Le Monde, 18/10/05
par Nicole Vulser
« Les éléphants et les aigles ont pu dialoguer avec les souris. » C’est par cette étonnante métaphore que le représentant de la Jamaïque à l’Organisation des Nations unies pour l’éducation, la science et la culture (Unesco) a salué, avant d’entonner une chanson de Bob Marley, la qualité des travaux qui ont permis, lundi 17 octobre, à Paris, l’adoption, en commission, du projet de convention sur la protection et la promotion de la diversité culturelle.
Pourtant, si les Etats-Unis peuvent aisement être comparés à un éléphant dans le domaine de la culture – 85 % des tickets de cinema vendus dans le monde profitent à un film hollywoodien -, c’est peu dire que ce nouveau texte a été voté contre leur avis.
Les Americains, qui avaient déposé 27 amendements pour tenter de vider le projet de sa substance, se sont retrouvés tres isolés, ne recevant que l’appui d’Israël – l’Australie et Kiribati se sont abstenus. Le Japon, le Rwanda et le Salvador ont mis de coté leurs reserves et au total 151 Etats sur les 191 membres de l’Unesco ont voté, souvent avec force et passion, en faveur de l’adoption du texte en l’état.
Pour contenir une affluence jamais vue dans un débat en commission, il a fallu déménager pour une salle plus grande. Une centaine d’intervenants dont 16 ministres, des représentants de groupes de pays (Union europeenne, « groupe de 77 », Caraïbe…) et quelques ONG (organisations non-gouvernementales) ont salué cette initiative.
« Sans pluralisme culturel, on etouffe » , a affirmé Gilberto Gil, le ministre brésilien de la culture. « C’est la garantie de la survie des cultures minoritaires » , a ajouté son homologue du Ghana. « Un veritable antidote à la mondialisation » , selon la Mauritanie. La Chine et la Russie ont apporté leur soutien massif à ce projet de convention.

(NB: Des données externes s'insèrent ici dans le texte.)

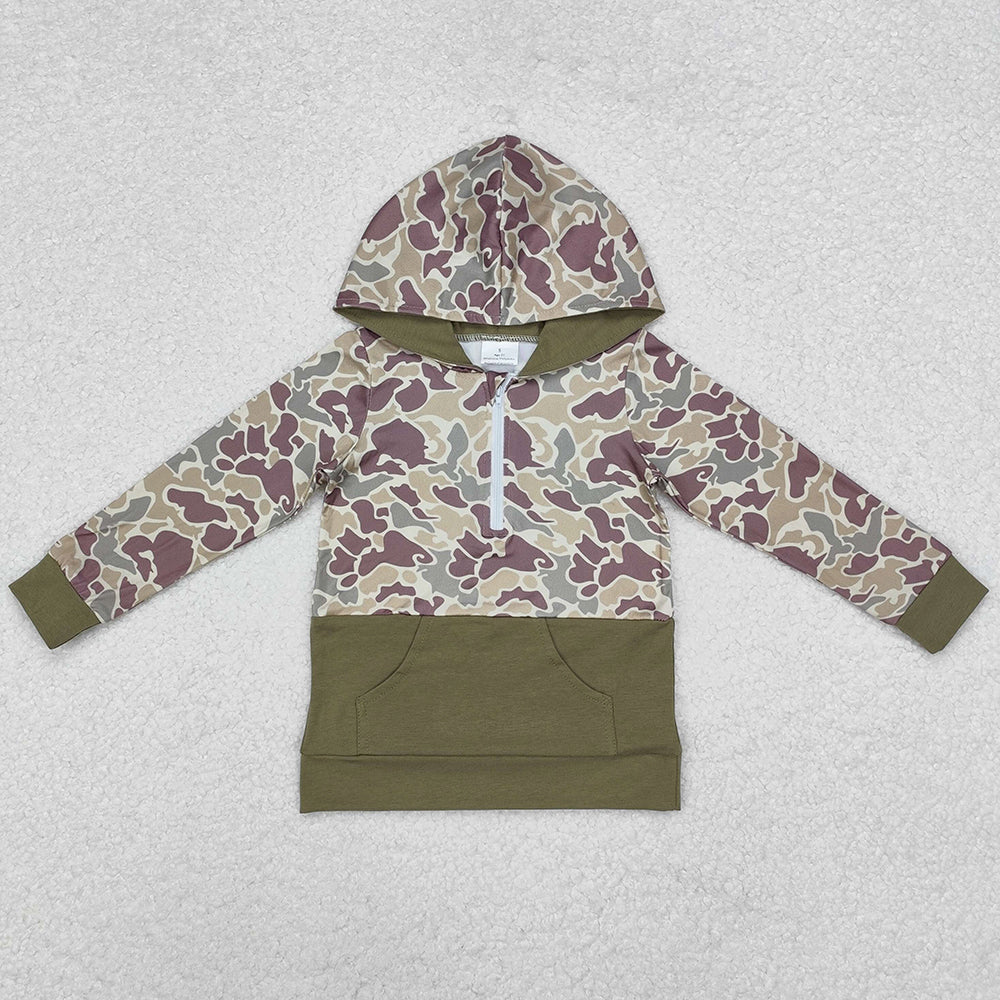 Baby Boys CLothes Green Camouflage Hooded Zip Pullovers Tops BT0913

Il offre « un cadre cohérent, clair, équilibré » , selon Timothy Craddock, représentant de la Grande-Bretagne, qui s’exprimait au nom de l’Union européenne en ravalant par la même les réticences britanniques initiales.

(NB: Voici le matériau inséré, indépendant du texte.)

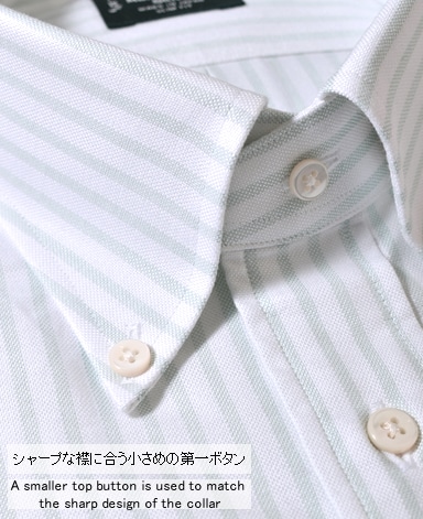 通常針目は3cmに18針以上で高級とされていますが、私たちのシャツは21針で縫い上げられています。また、耐久性に優れた「巻き伏せ本縫い」でシャツを仕立てています。

L’adoption formelle de ce texte, prévue jeudi 20 octobre en séance plénière de la 33e conférence générale de l’Unesco, ne fait guere de doute : la marge de manoeuvre americaine est tres réduite en l’absence d’un droit de veto et la majorité des deux tiers de voix est acquise.
Les avancées du texte : « Ce texte est d’abord un acte politique. C’est la première fois que la communauté manifeste de facon aussi majoritaire une volonté de mettre un coup d’arrêt a une libéralisation sans frein » , souligne le Francais Jean Musitelli, membre du groupe d’experts internationaux qui a redigé la convention. Celle-ci constitue un progrès politique, commercial et juridique.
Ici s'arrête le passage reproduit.